He went upstairs. I crouched behind the boxes, examining the guns he had given me—and I’m damned if I could find anything wrong with them. They were loaded and they seemed to be in working order. That finishing touch completely balled me up. I didn’t know whether I was in a cellar or a balloon.
When Red O’Leary, still naked except for pants and bandage, came into the cellar, I had to shake my head violently to clear it in time to bat him across the back of the noodle as his first bare foot stepped through the doorway. He sprawled down on his face.

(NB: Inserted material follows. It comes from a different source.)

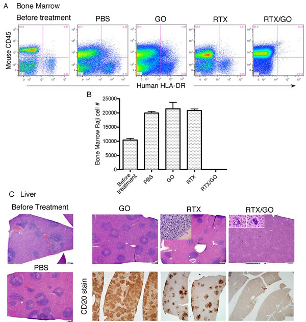 Eight days after Raji cell transplantation, extensive lymphoma infiltrates were identified in the bone marrow and liver (Figure 9A-9C); and treatments were then started. Four groups of mice, four to five in each group, were given intravenously PBS, GO, RTX, or RTX/GO respectively every two to 3 days for a total of three treatments. All the mice were sacrificed for analysis 3 days after the last treatment. Extensive human HLA-DR+/mouse CD45- lymphoma infiltrates were identified by flow cytometry in the bone marrows of the PBS, GO and RTX-treated animals but not in RTX/GO-treated ones (Figure 9A and 9B), indicating elimination of lymphoma cells at this location by RTX/GO but not by free RTX or GO. The Raji cell counts in the bone marrow of GO- and RTX-treated mice were similar to that of PBS-treated mice (Figure 9B), consistent with the results of the in vitro experiments showing that neither GO nor RTX is independently cytotoxic to Raji cells. Histological examination identified infiltrating lymphoma in the livers of all the PBS, GO and RTX-treated mice, which appeared as blue cell infiltrates on H&E stained sections (Figure 9C). Human CD20 staining confirmed that the liver infiltrates were composed of CD20+ lymphoma cells (Figure 9C). In RTX-treated mice, lymphoma infiltration was not as dense as in PBS or GO-treated mice, but frequent mitotic figures were readily identified within the lymphoma infiltrates (Figure 9C insert), indicating rapid proliferation and progression of the lymphoma cells despite RTX treatment. In sharp contrast, pathological examination as well as CD20 staining demonstrated no evidence of viable lymphoma in the livers of RTX/GO treated mice (Figure 9C). Only under high magnification microscopy could rare degenerated cellular elements be identified in the liver of some of the RTX/GO-treated mice, consistent with remnants of lymphoma cells killed by RTX/GO. No pathological abnormalities were identified in any major organs examined in the RTX/GO treated mice, including the heart, lung, kidney, liver (except for the presence of remnants of degenerated lymphoma cells), pancreas and GI tract. The physical and functional status of the mice was closely followed during the experiments. No evidence of morbidity of any degree was identified with RTX/GO treated mice, and they remained healthy throughout the course of treatment, suggesting that RTX/GO is non-toxic and safe. Taken together, these results demonstrate that RTX/GO has the capacity to diffuse out of the blood circulation, penetrate through the tissue to reach target cells, and rapidly eliminate established lymphomas in the absence of host effector mechanisms, while free RTX or GO fails to do so.

The old man scurried down the steps, full of grins.
“Hurry! Hurry!” he panted, helping me drag the redhead back into the money cell. Then he produced two pieces of cord and tied the giant hand and foot.
“Hurry!” he panted again as he left me to run upstairs, while I went back to my hiding-place and hefted the lead-pipe, wondering if Flora had shot me and I was now enjoying the rewards of my virtue—in a heaven where I could enjoy myself forever and ever socking folks who had been rough with me down below.
The ape-built skull-cracker came down, reached the door. I cracked his skull. The little man came scurrying. We dragged Pogy to the cell, tied him up.
“Hurry!” panted the old gink, dancing up and down in his excitement. “That she-devil next—and strike hard!”
He scrambled upstairs and I could hear his feet pattering overhead.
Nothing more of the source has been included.